### Task to carry out
Each line below from the one containing "Исследование Sprout Social" through the one containing "If electrification or" is to be given again exactly, and no line outside that span.

### Records supplied

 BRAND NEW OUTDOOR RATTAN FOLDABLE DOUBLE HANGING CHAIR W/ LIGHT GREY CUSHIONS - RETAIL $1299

==

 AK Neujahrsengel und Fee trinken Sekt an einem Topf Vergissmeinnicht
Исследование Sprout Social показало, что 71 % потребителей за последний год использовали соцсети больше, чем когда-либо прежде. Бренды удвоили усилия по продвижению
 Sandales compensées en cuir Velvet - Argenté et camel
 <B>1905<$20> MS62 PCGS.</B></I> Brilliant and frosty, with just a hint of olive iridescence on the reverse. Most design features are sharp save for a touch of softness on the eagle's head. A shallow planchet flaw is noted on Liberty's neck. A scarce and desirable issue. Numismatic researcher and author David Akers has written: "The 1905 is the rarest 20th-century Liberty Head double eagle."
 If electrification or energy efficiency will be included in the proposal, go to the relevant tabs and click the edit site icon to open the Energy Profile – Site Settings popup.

--

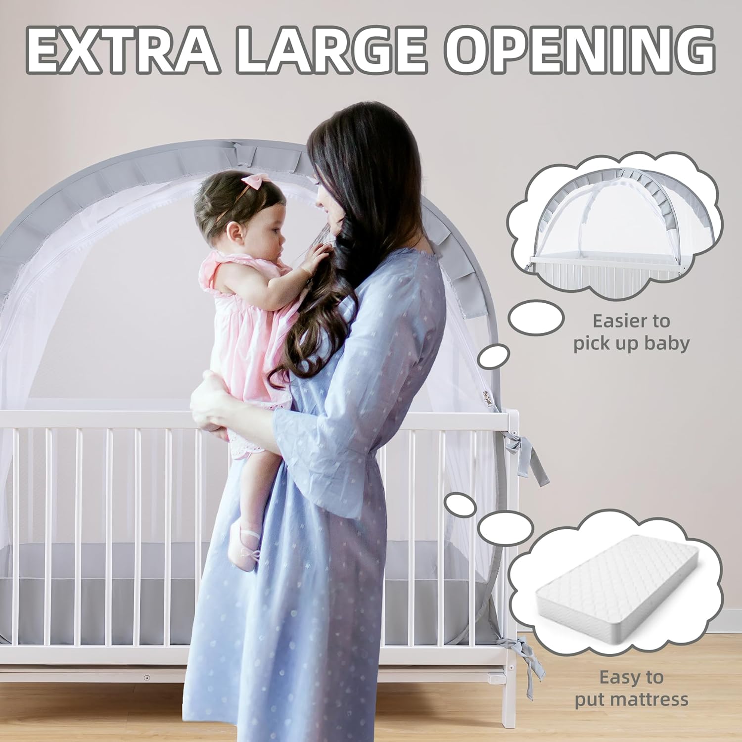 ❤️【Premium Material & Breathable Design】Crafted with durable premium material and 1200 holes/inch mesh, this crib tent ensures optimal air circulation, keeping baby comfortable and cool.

### Result for this task
Исследование Sprout Social показало, что 71 % потребителей за последний год использовали соцсети больше, чем когда-либо прежде. Бренды удвоили усилия по продвижению
 Sandales compensées en cuir Velvet - Argenté et camel
 <B>1905<$20> MS62 PCGS.</B></I> Brilliant and frosty, with just a hint of olive iridescence on the reverse. Most design features are sharp save for a touch of softness on the eagle's head. A shallow planchet flaw is noted on Liberty's neck. A scarce and desirable issue. Numismatic researcher and author David Akers has written: "The 1905 is the rarest 20th-century Liberty Head double eagle."
 If electrification or energy efficiency will be included in the proposal, go to the relevant tabs and click the edit site icon to open the Energy Profile – Site Settings popup.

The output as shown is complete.